When to scale DOWN (drain a worker)

Scale down when all of these hold for ≥30 days:

Condition Threshold
Max-node PVC count ≤ 20 (≈70% of cap)
Cluster memory requests < 70%
Cluster memory limits < 95% (no over-committed node)
No upcoming workload additions Confirmed via beads / project tracker

Scaling down is also reasonable as a deliberate trade-off (cost, IO reduction, consolidation) even if thresholds aren't met — but accept that the next scale-up cycle will incur the LUN-cap risk again.

Playbook — drain + remove a worker

Pick the lightest node first.
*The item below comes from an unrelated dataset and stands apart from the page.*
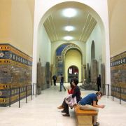 △ 佩加蒙博物馆可谓是博物馆受欢迎的一座,它也是世界著名的考古博物馆之一。这幢灰色的建筑外观庄严大气,很容易让人联想到各色古代建筑。由中央门进入后,左边是古罗马及希腊藏品陈列馆,右侧是古西亚展览馆,二层是伊斯兰文化展示区。其中镇馆之宝——佩加蒙宙斯大祭坛(Pergamon-Altar)不容错过,祭坛历史可追溯到公元前2世纪,祭坛高9.66米,台座部分的神像雕刻十分精美。此外,公元前二世纪左右的小亚西岸密列特的市集大门和巴比伦的依舒塔尔城门也很值得一看。

Survey before draining:

NODE=k8s-node5

# 1. Inventory what's there
kubectl get pods -A -o wide --field-selector spec.nodeName=$NODE \
  | awk 'NR>1 {print $1}' | sort | uniq -c   # pods per namespace

# 2. List drain blockers (local-path PVCs in use, GPU pods, single-replica services)
kubectl get pvc -A -o json | jq -r --arg n "$NODE" '.items[]
  | select(.spec.storageClassName == "local-path")
  | select(.status.phase == "Bound")
  | "\(.metadata.namespace)/\(.metadata.name)"'

# 3. Check presence board — is anyone mutating workloads on this node right now?
~/code/scripts/presence list
# If a `service:*` claim covers any pod on $NODE, DEFER until released.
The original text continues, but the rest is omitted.